Segment Open

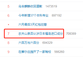 “农夫山泉否认涉日本福岛进口成分”登上微博热搜
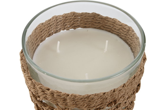 DKD Home Decor Vela Perfumada Mediterraneo 430gr, Cristal, Colores Natural y Blanco, 13.5 x 13 x 12.5 cm
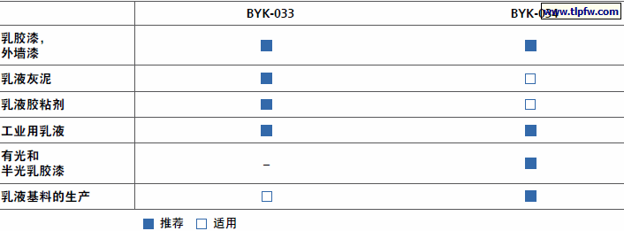 BYK-033 广泛用于颜料体积浓度为 35-70 的乳胶体系。BYK-033 不含有机硅。
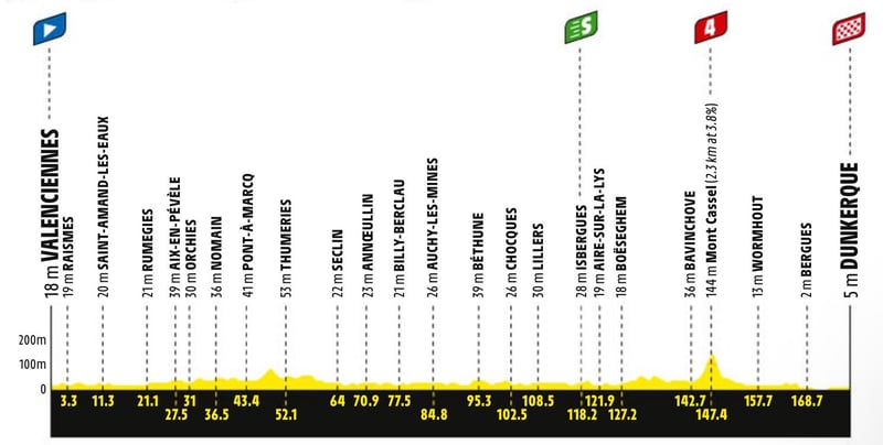3ª etapa: Lunes 7 julio. Valenciennes - Dunkerque, 178 kms.
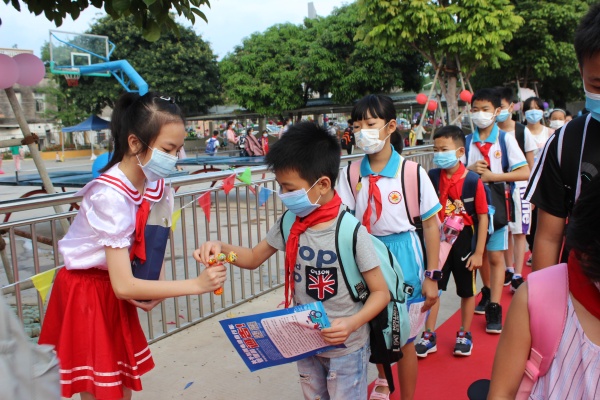 經(jīng)過(guò)七彩氣球拱門,孩子們還收到甜蜜棒棒糖,開(kāi)啟一天的快樂(lè)。教室里,同學(xué)們?cè)诶蠋煹膸ьI(lǐng)下,吹氣球,掛彩旗,齊動(dòng)手,把教室布置得煥然一新!

Segment Closed

_Exercise details_: Repeat every record precisely. Any picture among them stays out of the copy.

_Exercise result_:
 “农夫山泉否认涉日本福岛进口成分”登上微博热搜
 DKD Home Decor Vela Perfumada Mediterraneo 430gr, Cristal, Colores Natural y Blanco, 13.5 x 13 x 12.5 cm
 BYK-033 广泛用于颜料体积浓度为 35-70 的乳胶体系。BYK-033 不含有机硅。
3ª etapa: Lunes 7 julio. Valenciennes - Dunkerque, 178 kms.
 經(jīng)過(guò)七彩氣球拱門,孩子們還收到甜蜜棒棒糖,開(kāi)啟一天的快樂(lè)。教室里,同學(xué)們?cè)诶蠋煹膸ьI(lǐng)下,吹氣球,掛彩旗,齊動(dòng)手,把教室布置得煥然一新!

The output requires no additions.